Гумбольдт отметил необычайное количество докторов, наряженных в парики и мантии, устраивавших латинские диспуты, и необычайный наплыв диссертантов, прослышавших о легкости, с какой можно было здесь увенчать себя академическими лаврами.
Того, что мог дать юноше Франкфурт, хватило меньше чем на год. Затем мы снова находим его в Берлине. Лето, осень, зиму он опять свободен. Свободен? Пожалуй, никогда у него не было так мало досуга, как теперь. Он посещает фабрики. Всерьез, словно собравшись стать инженером, изучает механику, технологию, машины, производственные процессы, гидравлику. Но если мы взглянем на его тетради, которые он заполняет после экскурсии по цехам твердо и кругло выписанными греческими вокабулами, то трудно удержаться от вывода, что этот молодой человек решился стать лингвистом.
У него находится еще время копировать Рембрандта и гравировать головы апостолов Микеланджело.
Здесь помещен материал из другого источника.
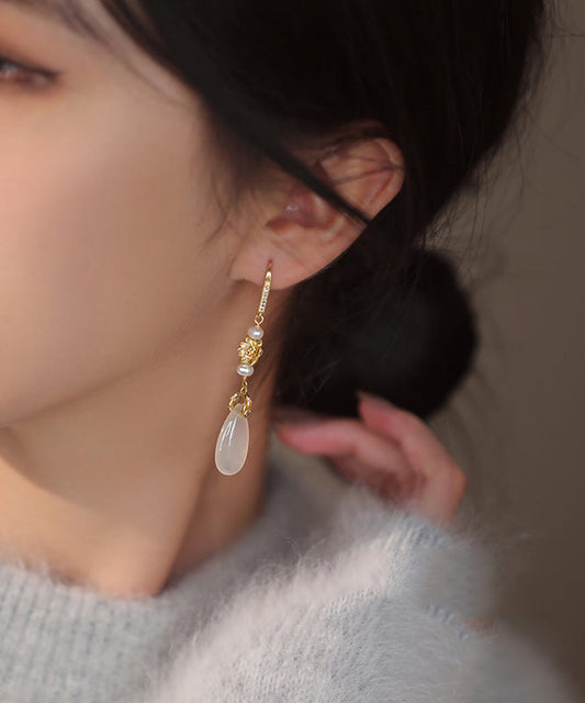 Chic White Sterling Silver Overgild Jade Butterfly Drop Earrings QU032

Есть у него и четвертое дело: это беседы, прогулки, иногда многодневные экскурсии со своим учителем, который стал товарищем, молодым ботаником Вильденовым (между ними всего несколько лет разницы). И снова — тщательнейшие записи, конспекты тем же круглым, красивым почерком. Только, пожалуй, конспекты эти объемистее других…
Но что же заставляет его брать на себя весь этот труд? Что гонит, торопит, подталкивает его? Мечта о чиновничьей карьере? Но она открыта хоть сейчас, можно сказать — широко распахнута! Честолюбие? Жажда светского успеха? Голыми руками мог бы взять этот успех молодой аристократ, блестящий, образованный (даже слишком), не урод, о, отнюдь нет, не бука, прекрасный танцор (только времени у пего все меньше и меньше для танцев!).
«Мой брат суетен и любит блистать. А причина в том, что он никогда не испытал сильного сердечного чувства». Впрочем, Вильгельм, когда писал это, был раздосадован на брата за недостаточно благоговейное отношение к его, Вильгельмовым, эпистолярным упражнениям на тему о неземном единении душ…
Александра гнала необычайная жажда знания. В многообразии интересов двадцатплетнего юноши не сразу можно уловить основу, двигательный нерв…
«…И особенное предпочтение отдавал изучению тайнобрачных», — кратко замечает Гумбольдт в своей автобиографии. Почему привлекли его эти невидные, тайные, излюбленные поверьями растения, обломки молчаливых лесов каменноугольной эпохи? С чем связывало их его воображение? Через много десятилетий он записывает, что день, когда он впервые увидел под тропиками рощи древовидных папоротников, родню нашим травянистым лесным хвощам, плаунам, мхам, последний остаток гигантских древних тайнобрачных, — этот день стал эпохой в его жизни…
Февраль 1789 года. «Я вернулся из Тиргартена, где собирал мхи, лишайники и грибы. Как грустны одинокие прогулки! Но есть и привлекательность в этом уединенном общении с природой. Наслаждение чистой, самой невинной радостью от созерцания тысяч существ, окружающих тебя и, в свою очередь, радующихся (о, блаженная лейбницевская философия!) твоему существованию… Сердце тянется к тому, кто, как говорит Петрарка…» (И Петрарка цитируется, конечно, по–итальянски.)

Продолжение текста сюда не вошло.